Такая сердечная доброта человека есть излучающаяся благость Самого Создателя, верно воспринятая и передаваемая в мир. А Божия Благодать не ищет заслуг, но изливает себя «на праведных и неправедных» (Мф 5:45). И когда Божия Благодать льется через человеческое сердце, светит и согревает, тогда невыносимый раздор в человечестве начинает стихать, и ненависть опоминается, и зависть стыдится, и посягание приходит в смущение. Ибо доброта несет людям благую весть о воссоединении. Она есть дыхание утраченного блаженства. Ей дано, как солнцу, растапливать льды и, как огню, плавить камни…
Все это означает, что истинно доброе сердце живет в ткани Божией и чует свою сокровенную связь с остальным человечеством. Оно не отъединяется от этой ткани, не посягает и не враждует. Оно вчувствуется в жизнь другого, в жизнь каждого, отзывается и готово помогать. Такой человек смотрит в мир доброжелательно, ласково, сострадательно. И самый взор его есть уже благодеяние для ожесточенных; и слова его звучат как призыв вернуться на родину. И каждое существо, вступающее в поле его зрения, вызывает в нем луч благоволения, зажигает в нем огонь Божией доброты и дарит ему радость. Вот почему преподобный Серафим Саровский говорил каждому человеку: «радость моя!!»… И эти простые, но таинственные слова из райских селений были сразу излиянием личного сердца и евангельским зовом в Лоно Отца. Ибо человек человеку во Христе – не волк и не враг, а свет и радость…
Доброта есть целебный бальзам на раны мира, болеутоляющее лекарство для душевных разрывов и духовных ран. Она живет мечтой и созерцанием в блаженном первобытии, в предвечном лоне всех вещей; она как бы пророчествует о грядущем воссоединении в Боге; и бережет в земной жизни священную ткань благоволения, мира и всеединства…

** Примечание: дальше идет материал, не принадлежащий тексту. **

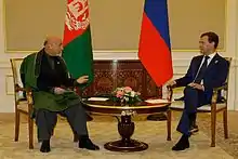 Russia sharply criticised the NATO-led military intervention in the Libyan civil war, though it chose not to use its veto power on the United Nations Security Council to block it. On 27 May 2011, Russian President Dmitri Medvedev said that although Moscow opposed the military operations, it believed Gaddafi should leave power.[75] In early June 2011, Russian envoy Mikhail Margelov was received in Benghazi, the de facto headquarters of the Libyan opposition. Margelov's stated objective was to broker a truce between anti-Gaddafi forces and the Gaddafi-led government.[76] He left Benghazi with an invitation from the NTC for Russia to open a representative office in the city,[77] though it opted not to do so before recognising the council as Libya's sole legitimate representative, which it did on 1 September 2011.[78] | ||

Какая же культура возможна без доброты? Культура есть единый дух у многих душ; единая общая ткань у особливых, разъединенных людей; и возникает она в творческом общении одиноких созерцателей. Как же можно создать ее без доброты?..
17. О СМИРЕНИИ
Иногда у нас возникает сомнение, можно ли в самом деле требовать смирения от всех людей? Где взять его повседневному человеку, с головой ушедшему в борьбу за существование, с ее заботами, страхами и интригами? Разве смирение не есть добродетель избранных, прошедших путь религиозного очищения? Может быть… Но именно поэтому мы радуемся, когда замечаем в ком-нибудь искру неподдельного смирения; и у нас тотчас же слагается уверенность, что судьба послала нам жизненную встречу с превосходным человеком.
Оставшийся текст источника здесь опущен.